Exploring Go's Functional Iterators (Range-over Functions)

March 09, 2024

Go’s latest version, 1.22, introduces some exciting changes to the language. One of these changes includes an experimental function called ”range-over-function iterators” that has a vast potential to make Go’s range loops more expressive and extensible. It could also make Go more complex. I’ve been exploring this new range iterators feature and I’m writing this article to share some of my thoughts.

What are range-over-function iterators?
Tap to expand

”range-over function iterators” is a mouthful, so I’ll be referring to them simply as ”Function Iterators” throughout this article.

Generating and Composing Sequences

If Function Iterators become standardized in Go, we will get a bunch of utility functions that support Function Iterators. The Go announcement wiki gives some hints at standard library functions that could merit returning iterators like strings.Split.

So, I started out by exploring some of this. The first I could think of was an infinite number generator. What if I wanted to write a Go Code like:

start := 1; step := 5
for i := range ToInfinity(start, step) {
	// logic go here and then break when I'm done
}

This will especially be useful in situations where you have to use a forever loop as a retry mechanism and want to keep track of the number of iterations.

The implementation for ToInfinity is:

// ToInfinity returns a sequence of integers from start to infinity with step increment.
func ToInfinity(start, step int) iter.Seq[int] {
	if step > 0 {
		// Forward iteration from start
		return func(yield func(int) bool) {
			for i := start; ; i += step {
				if !yield(i) {
					return
				}
			}
		}
	}

	if step < 0 {
		// Backward iteration from start
		return func(yield func(int) bool) {
			for i := start; ; i += step {
				if !yield(i) {
					return
				}
			}
		}
	}

	return func(yield func(int) bool) {
		// yield only the 'start' value when step 0
		yield(start)
	}
}

Notice how the implementation can also allow looping in the negative direction. The iterator’s code isn’t the most succinct, but this is the price you pay for this new feature’s simplicity.

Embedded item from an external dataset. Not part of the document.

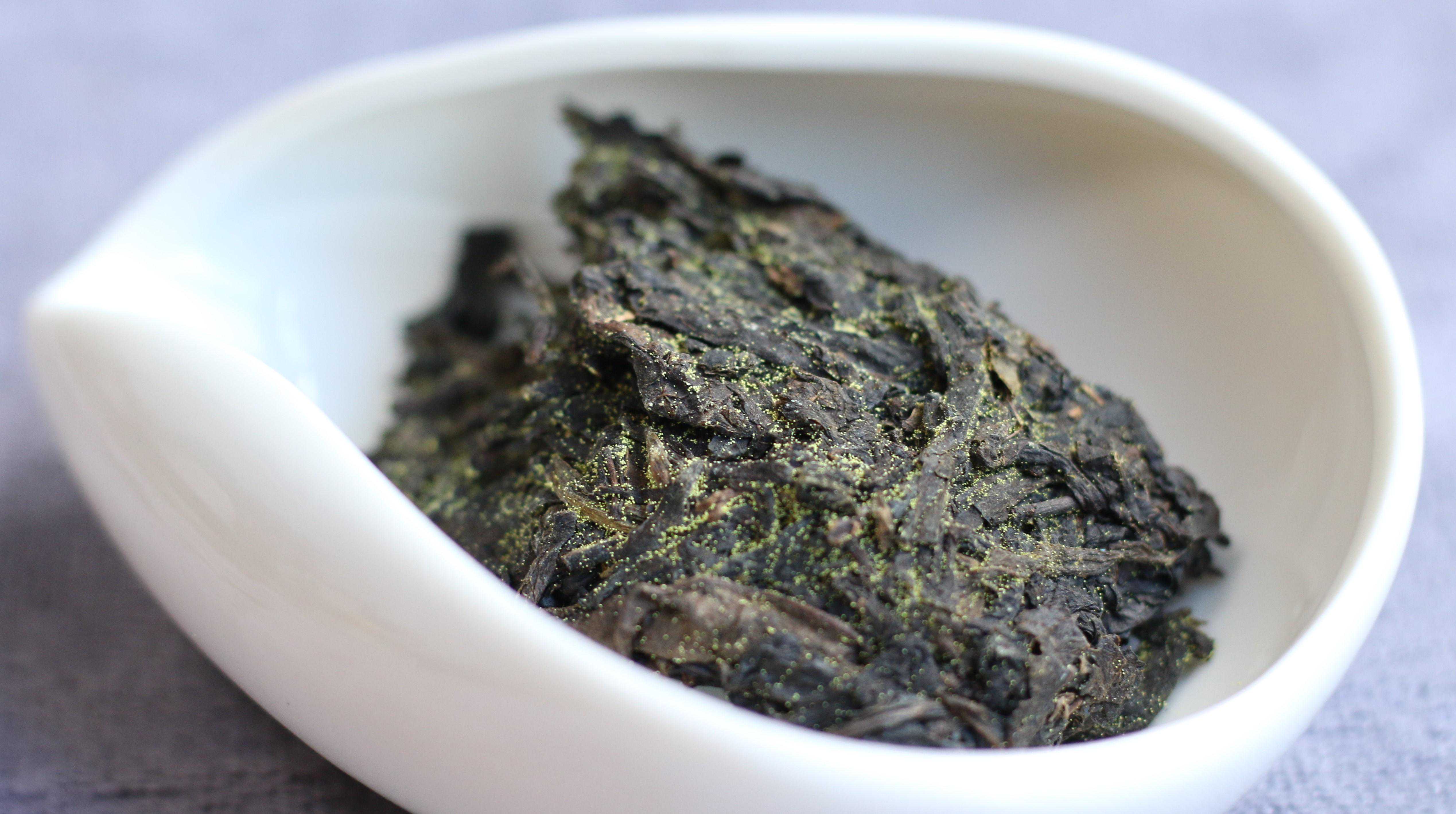 其实要说到金花,它除了与茶叶的加工方式有关外,还与用料及发花工艺有很大关系。原料更加精致,茶叶更加细嫩的黑茶,发花效果也会更好,金花更加丰富。上面这款白沙溪天茯当年茶,之所以能有这么茂盛的金花,也有它用料不错的原因。
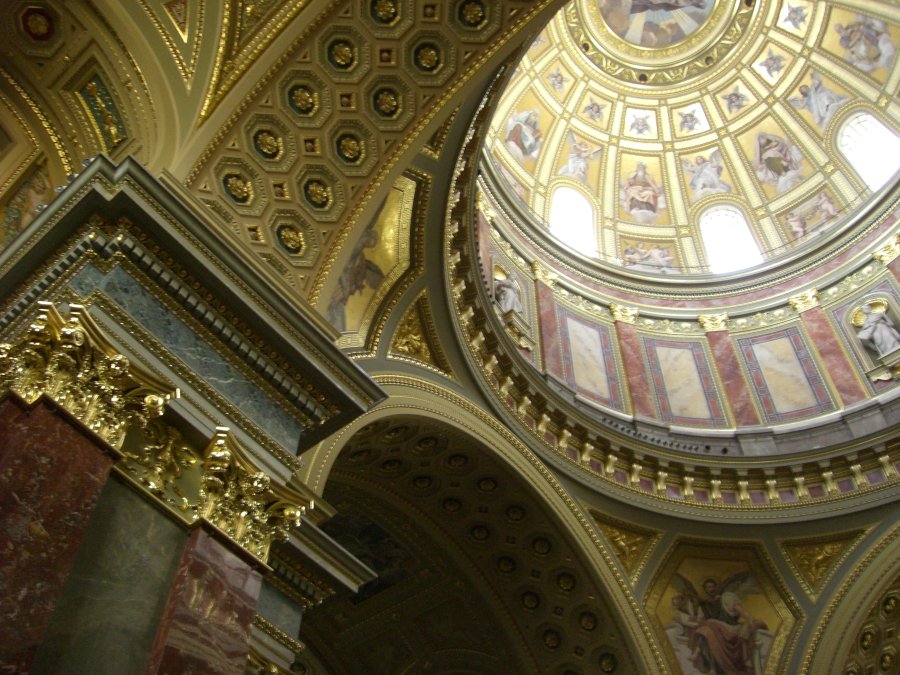 シナゴーグ シナゴーグはユダヤ教の教会で、ここはヨーロッパ最大のシナゴーグだそうだ。内部の 雰囲気はキリスト教の教会とそれほど変わらないが、彫像や十字架がなく、綺麗な幾何学 模様で飾られている。入る時に男性には黒い小さな帽子が渡され、頭にかぶるのだが、 髪に止めるものがないので、すぐ落ちてしまう。2階は博物館(宝物殿)になっていて、 宗教関係の宝物や戦争中の歴史写真などが展示されている。ブダペストには第二次世界の 時まで多くのユダヤ人知識人や貿易人がいて活躍していたが、戦争中に多くの人が殺され た。3階はハンガリーのユダヤ人の芸術(絵画)が展示されている。

Naturally (or maybe not 😅), the question that comes to mind is, what if I only wanted to loop between a start and an end value? This is particularly interesting to me because I also wanted to explore the composability of these new iter.Seq types using the iter.Pull() functions that were introduced alongside them. So let’s say I wanted to be able to write a loop like:

start := 0; end := 10; step := 2;
for i := range Between(start, end, step) {
	// logic goes here
}

I wanted to achieve this by re-using the ToInfinity() iterator function from earlier. The implementation of Between() will look like this:

func Between(start, end, step int) iter.Seq[int] {
	// use iter.Pull to be able to fetch values from ToInfinity's sequence
	next, stop := iter.Pull(ToInfinity(start, step))

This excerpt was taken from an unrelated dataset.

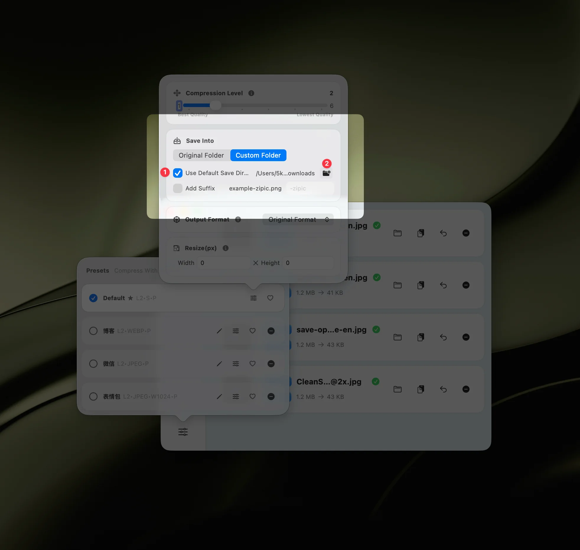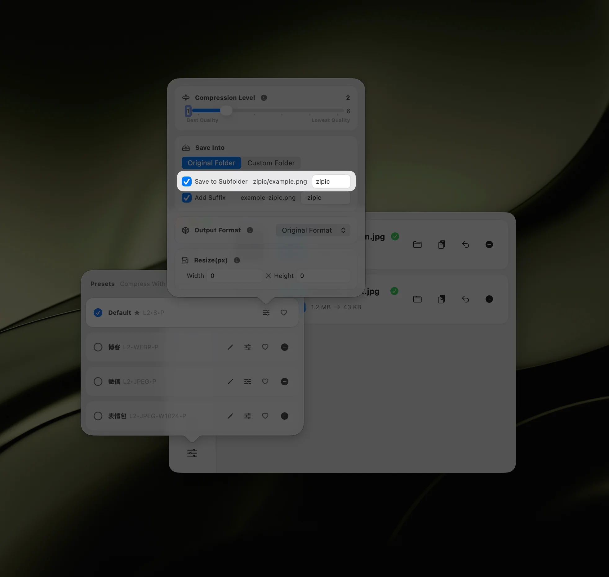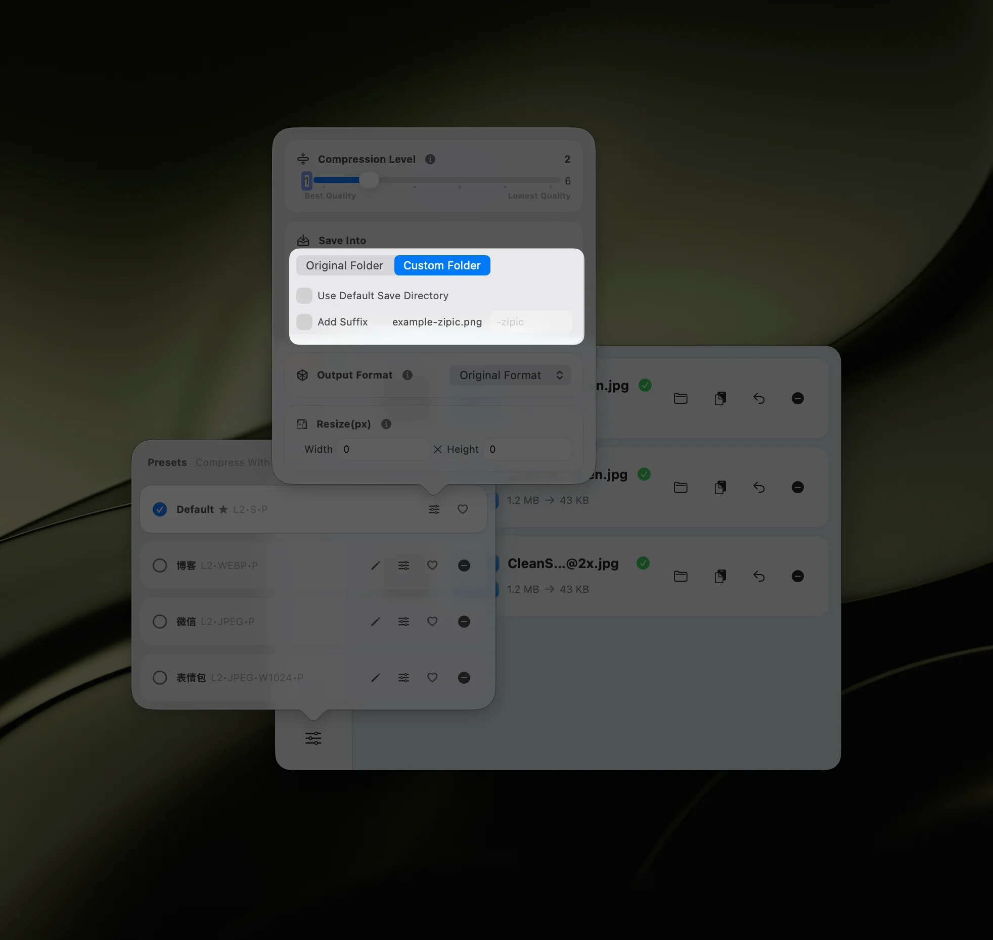 Zipic offers various save options for images, divided into Original Folder and Custom Folder.

	return func(yield func(int) bool) {
		defer stop()
		for {
			value, ok := next()
			// check to be sure that ToInfinity's sequence still has values
			if !ok {
				return
			}

			// check if bounds have been met and return
			if step > 0 && value > end {
				return
			}
			// check for bound for negative step values
			if step < 0 && value < end {
				return
			}

			// yield the next value since we are still within range
			if !yield(value) {
				return
			}
		}
	}
}

So far, these examples are great, but we can quickly achieve them with the current range for-loops that are part of the base Go language; you don’t get much other than the composability from this. This brings me to the next set of things I set out to explore.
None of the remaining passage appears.